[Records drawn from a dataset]
------------------------------

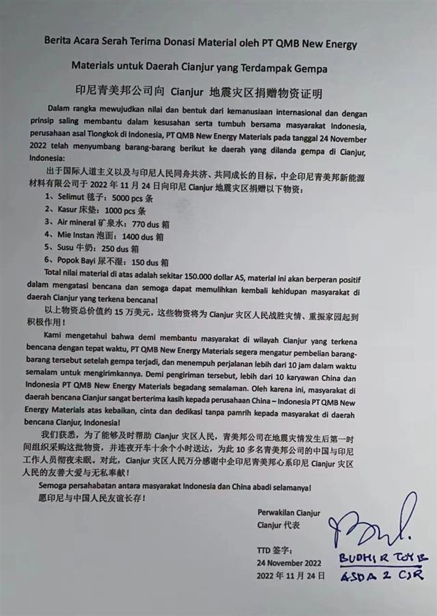 展玉災(zāi)區(qū)政府十分感謝中國企業(yè)青美邦的友善大愛與無私奉獻(xiàn),認(rèn)為這高度體現(xiàn)了印尼與中國人民之間的深厚友誼!
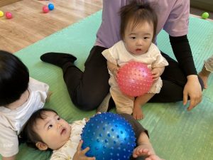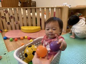 保育者や友だちと一緒に全身を使ってボールを追いかけたり、手先を使ってボールを掴んだり、投げたりして楽しく遊びました♡
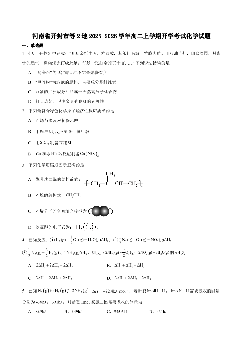 河南省开封市等2地2025-2026学年高二上学期开学考试 化学试卷(含答案).pdf
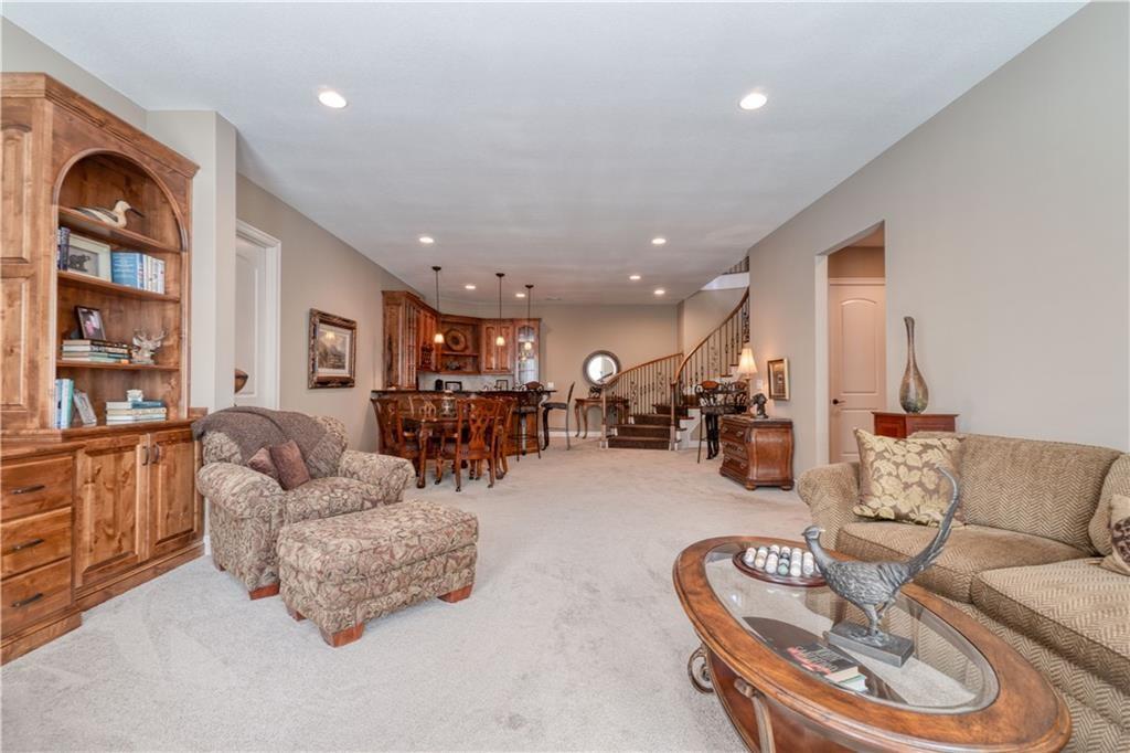 MAIN LEVEL LIVING w 3 CAR GARAGE BACK INGTO TREES! Welcome to this beautiful 3 bedroom Reverse Floorplan w a Huge Primary Bedroom and On-Suite on the main level, His and Hers Closets and an enormous primary bathroom. Enjoy floor to ceiling windows w Fireplace in the Living Room, Formal Dining Room is perfect for a Main Level Office. The Kitchen is unbelievable with plenty of Cabinetry for Storage, Walk In Pantry, Large Island, Stainless Steel Bosch Appliances, Family Room w built in Shelving and additional Fireplace and 8 Windows for tons of Natural Light, and a stunning view on not 1 but 2 Decks backing to Trees! In the Lower Level you’ll find a Bar area perfect for Entertaining, spacious Living Room for Sports Watching, Movie Viewing, or Play Area. There are 2 additional large Bedrooms with Full Bath on this level as well. Last but not least there is a MASSIVE unfinished space w beautiful windows, if you need even more living area this is your blank canvas to dream! Call the Listing Agent for a Private Showing today!
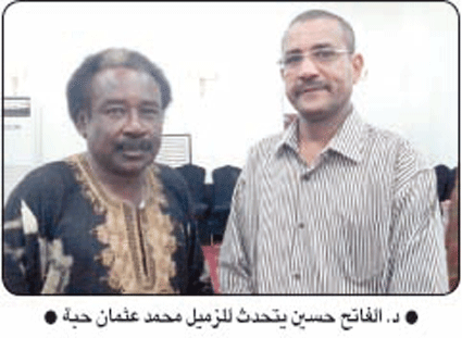 واكد الموسيقار الفتاح حسين في تصريحات صحافية خاصة بالدار ان مشاركته هذه المرة تعتبر الخامسة لتقديم ورقة علمية حول البحوث الموسيقية بعنوان (الغناء باللهجة العامية واثرها في التواصل الثقافي بين الشعوب العربية) وكشف الموسيقار الفاتح ان السودان عائد بقوة للمشاركة في مهرجان دار الاوبرا المصرية وحفلات الصيف السنوية العام القادم التي كان السودان مشاركا في اخر دوراته قبيل توقف المهرجان بسبب قيام الثورة المصرية التي انطلقت عام 2011 وكان السودان حضورا في تلك الدورة بمشاركة الفنانين وليد زاكي الدين وحسين الصادق.
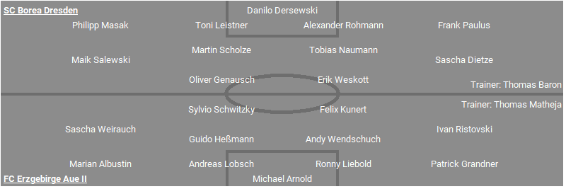 FC Erzgebirge Aue II: Michael Arnold - Patrick Grandner, Ronny Liebold, Andreas Lobsch, Marian Albustin - Andy Wendschuch, Guido Heßmann, Ivan Ristovski, Sascha Weirauch - Felix Kunert, Sylvio Schwitzky; Trainer: Thomas Matheja
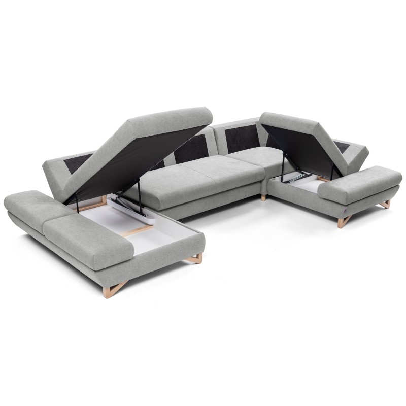Masseno Ecksofa CASA mit Schlaffunktion und Bettkasten, Ausziehbares Bettsofa - Grau, AVRA 16
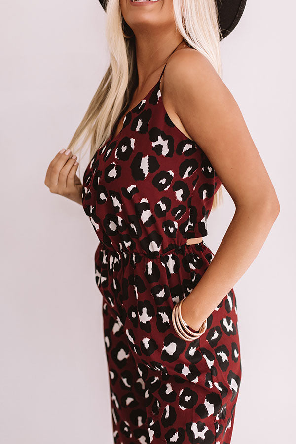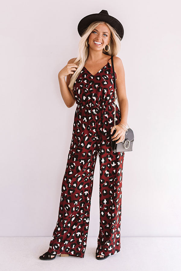 Suit up and take a walk on the wild side in the "Love Notes Leopard Jumpsuit in Wine" featuring a v-neck, cinched waist, flowy pants, and spaghetti straps, that provide a flattering fit and a criss crossed open back that adds just a bit of sass! It's safe to say we're obsessed with this piece especially when it's styled with gold hoop earrings and all black accessories like strappy block heels, a faux suede hat, and a chic crossbody!
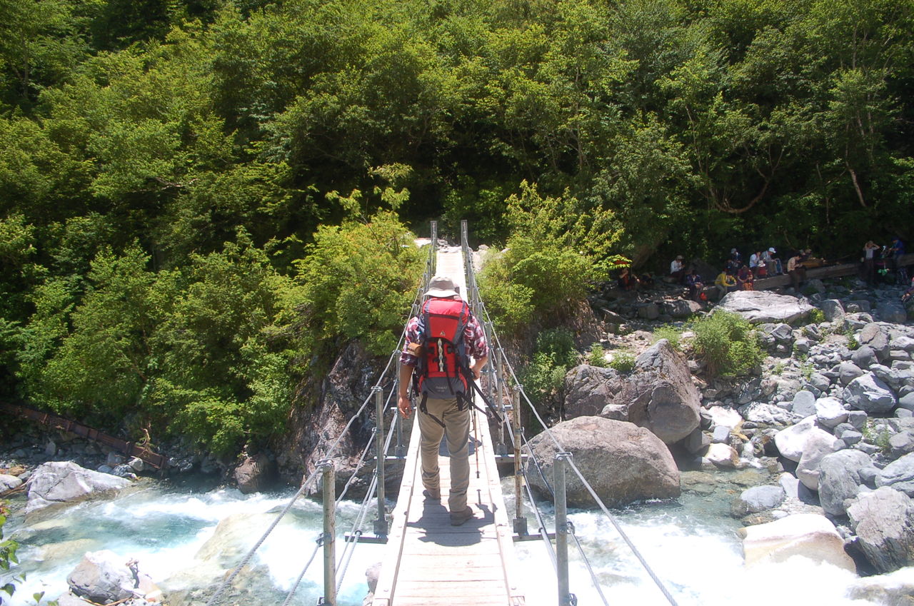 アカンダナ駐車場はそれなりに車はいたが静か。バスもすぐに乗ることができた。上高地へも順調に到着。上高地も意外と静か。3連休中日、しかも梅雨明けと言うことですごい混雑を心配したが、順調に出発することができた。
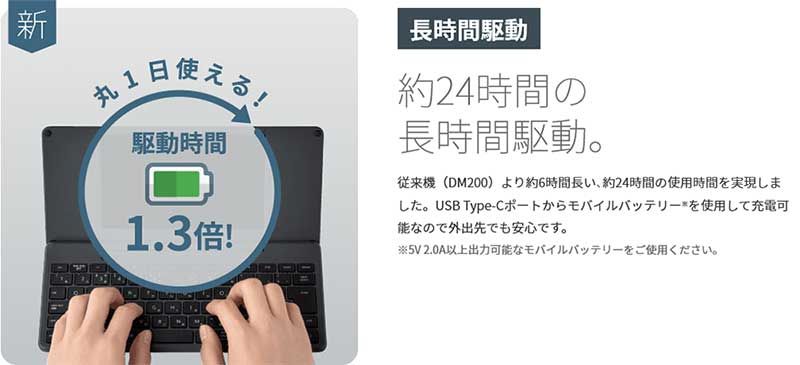 リチウムイオンバッテリー搭載で長時間駆動を実現し、外出先でも安心してご使用いただけます。
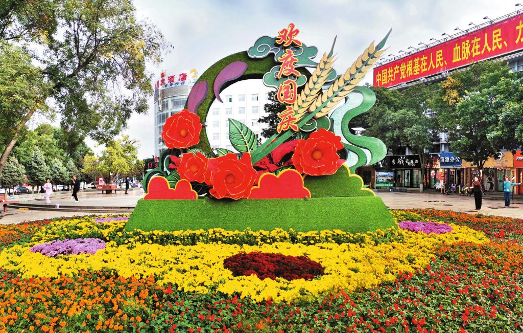“十一”臨近,“歡度國(guó)慶”主題花壇亮相忻州城區(qū)日月廣場(chǎng)。(宮清華 攝)
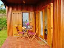 Die aus Pinienholz gebauten Bungalows sorgen durch ihre ruhige Lage im Grünen für einen entspannten Aufenthalt.
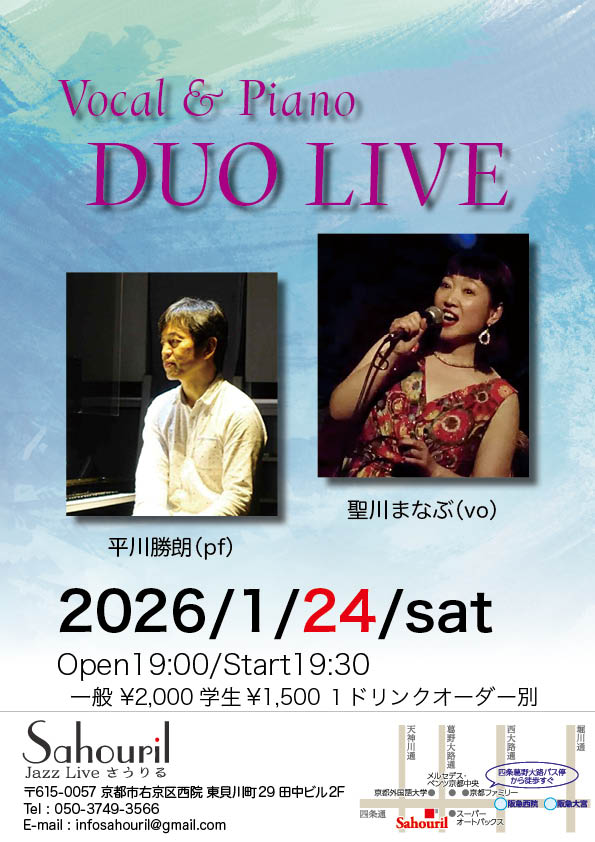 聖川まなぶ(vo) 平川勝朗(pf) Start 19:30 MC ¥2,000
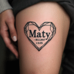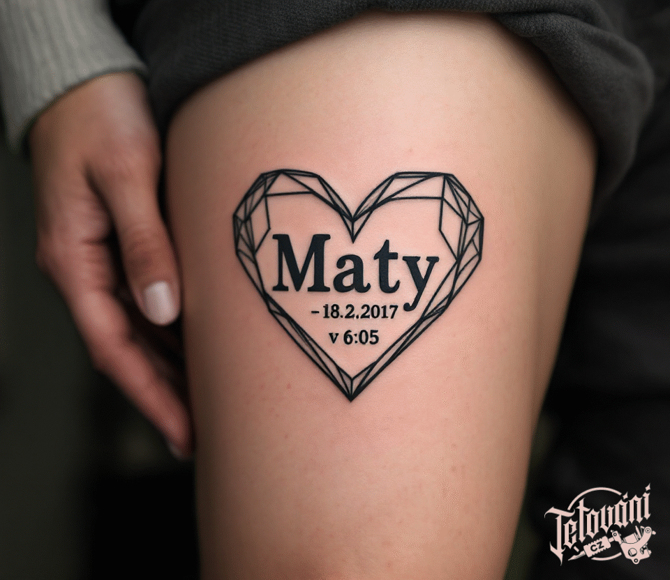 Tetování jméno dítěte v srdci, hodiny a narození dítěte na stehno

------------------------------

**Your goal:**
From the line containing "リチウムイオンバッテリー搭載" to the final line above, both included, transcribe every line exactly and leave all pictures out.

**Solution to the problem:**
 リチウムイオンバッテリー搭載で長時間駆動を実現し、外出先でも安心してご使用いただけます。
“十一”臨近,“歡度國(guó)慶”主題花壇亮相忻州城區(qū)日月廣場(chǎng)。(宮清華 攝)
 Die aus Pinienholz gebauten Bungalows sorgen durch ihre ruhige Lage im Grünen für einen entspannten Aufenthalt.
 聖川まなぶ(vo) 平川勝朗(pf) Start 19:30 MC ¥2,000
 Tetování jméno dítěte v srdci, hodiny a narození dítěte na stehno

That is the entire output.